** INPUT RECORDS **
···
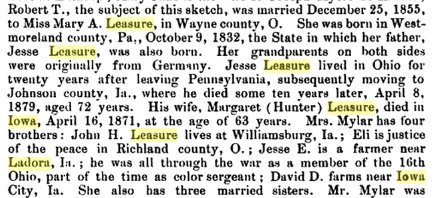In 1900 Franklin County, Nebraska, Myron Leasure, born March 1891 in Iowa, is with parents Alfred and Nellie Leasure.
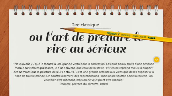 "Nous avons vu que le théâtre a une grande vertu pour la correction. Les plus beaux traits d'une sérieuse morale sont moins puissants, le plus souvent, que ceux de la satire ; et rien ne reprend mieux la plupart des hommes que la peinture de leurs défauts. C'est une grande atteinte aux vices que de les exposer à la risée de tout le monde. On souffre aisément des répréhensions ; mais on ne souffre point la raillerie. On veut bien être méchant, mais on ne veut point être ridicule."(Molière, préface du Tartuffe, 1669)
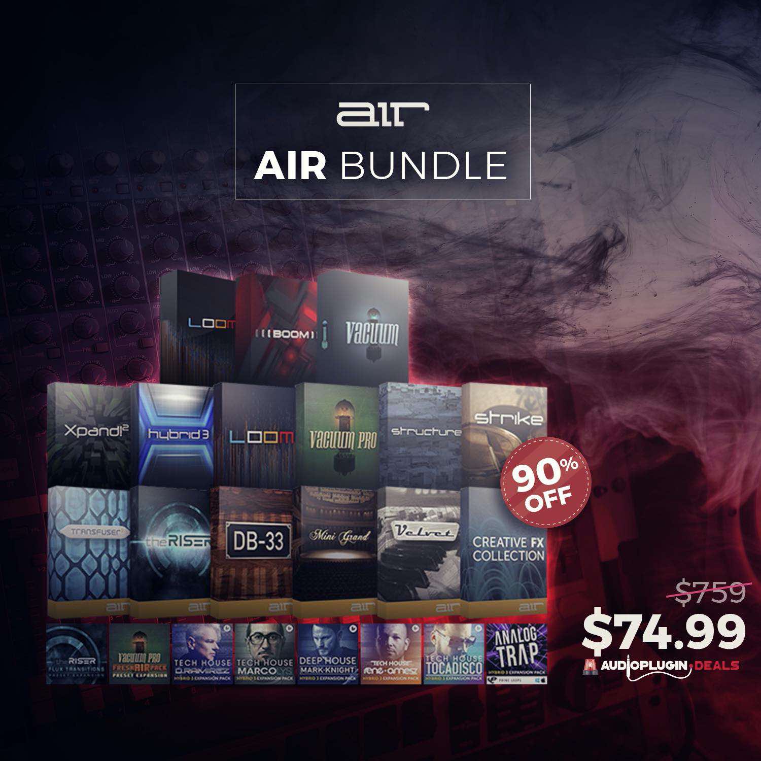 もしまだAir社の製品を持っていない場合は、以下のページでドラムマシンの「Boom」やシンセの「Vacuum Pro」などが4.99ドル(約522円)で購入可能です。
···
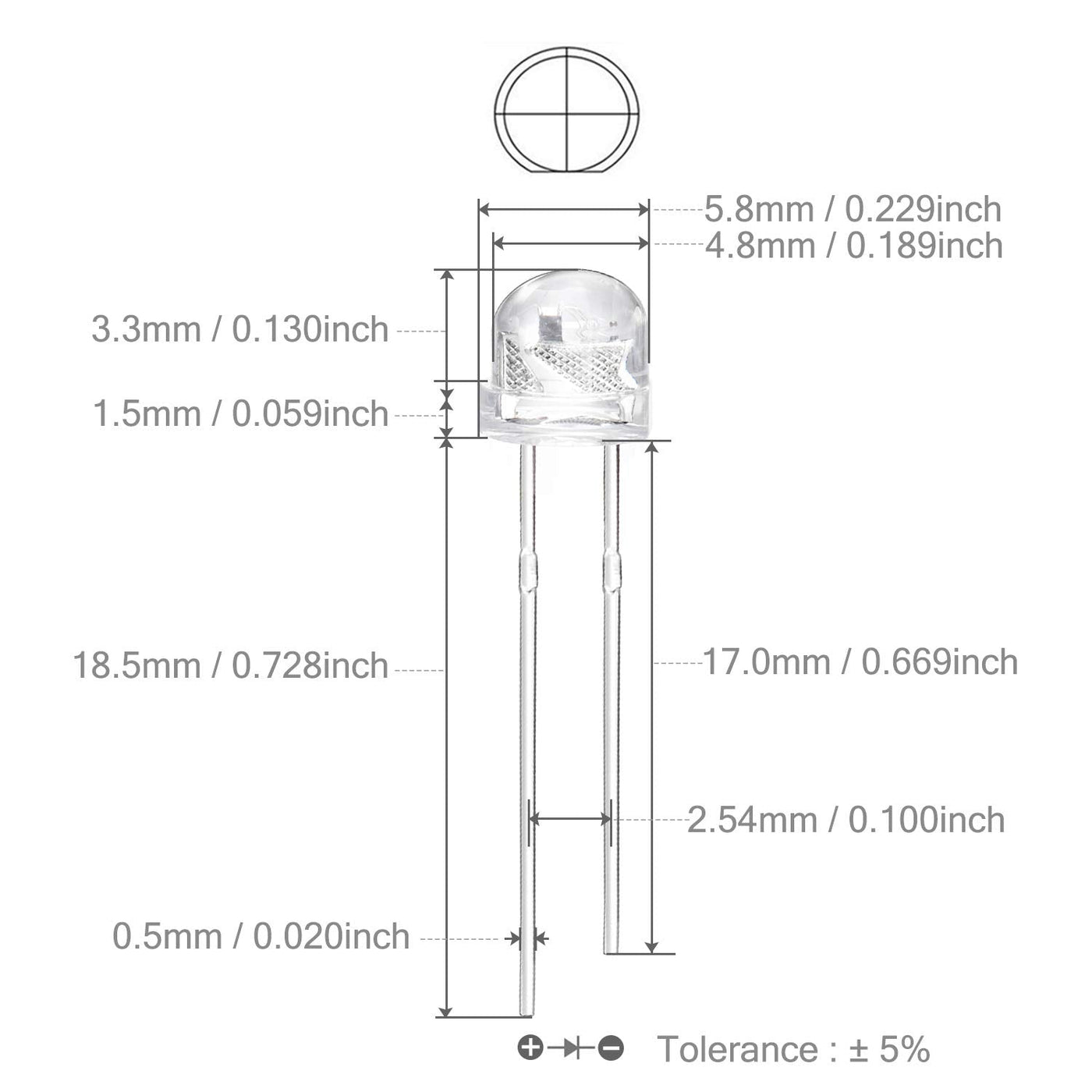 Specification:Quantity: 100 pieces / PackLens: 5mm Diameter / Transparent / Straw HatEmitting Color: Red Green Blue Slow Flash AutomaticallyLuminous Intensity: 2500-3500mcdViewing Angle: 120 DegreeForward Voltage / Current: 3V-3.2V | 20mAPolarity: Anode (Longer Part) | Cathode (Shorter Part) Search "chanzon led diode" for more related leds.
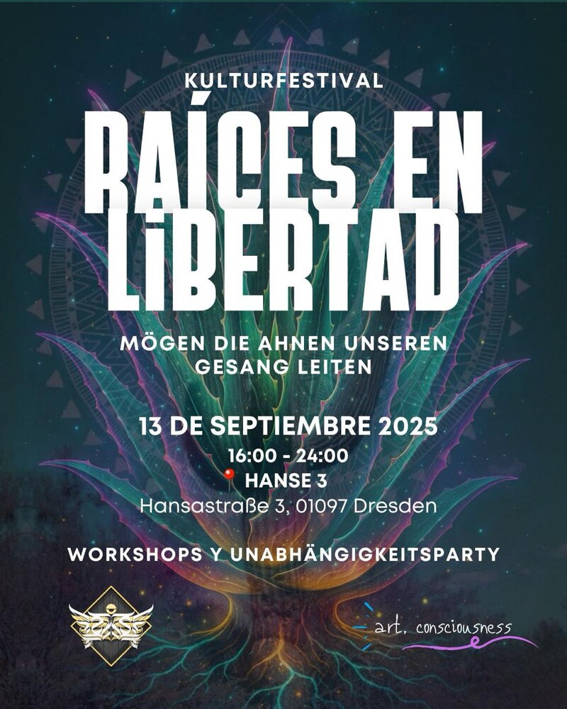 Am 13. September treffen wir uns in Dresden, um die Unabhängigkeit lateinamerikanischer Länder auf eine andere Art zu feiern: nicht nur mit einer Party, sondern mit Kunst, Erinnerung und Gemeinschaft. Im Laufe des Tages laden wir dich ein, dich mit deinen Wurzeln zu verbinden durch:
···
** DIRECTIONS FOR THIS TASK **
Return exactly the lines above, from the one with "In 1900 Franklin" up to and including the one with "もしまだAir社の製品を持っ", and include no pictures.

** RESULT FOR THIS EXERCISE **
In 1900 Franklin County, Nebraska, Myron Leasure, born March 1891 in Iowa, is with parents Alfred and Nellie Leasure.
 "Nous avons vu que le théâtre a une grande vertu pour la correction. Les plus beaux traits d'une sérieuse morale sont moins puissants, le plus souvent, que ceux de la satire ; et rien ne reprend mieux la plupart des hommes que la peinture de leurs défauts. C'est une grande atteinte aux vices que de les exposer à la risée de tout le monde. On souffre aisément des répréhensions ; mais on ne souffre point la raillerie. On veut bien être méchant, mais on ne veut point être ridicule."(Molière, préface du Tartuffe, 1669)
 もしまだAir社の製品を持っていない場合は、以下のページでドラムマシンの「Boom」やシンセの「Vacuum Pro」などが4.99ドル(約522円)で購入可能です。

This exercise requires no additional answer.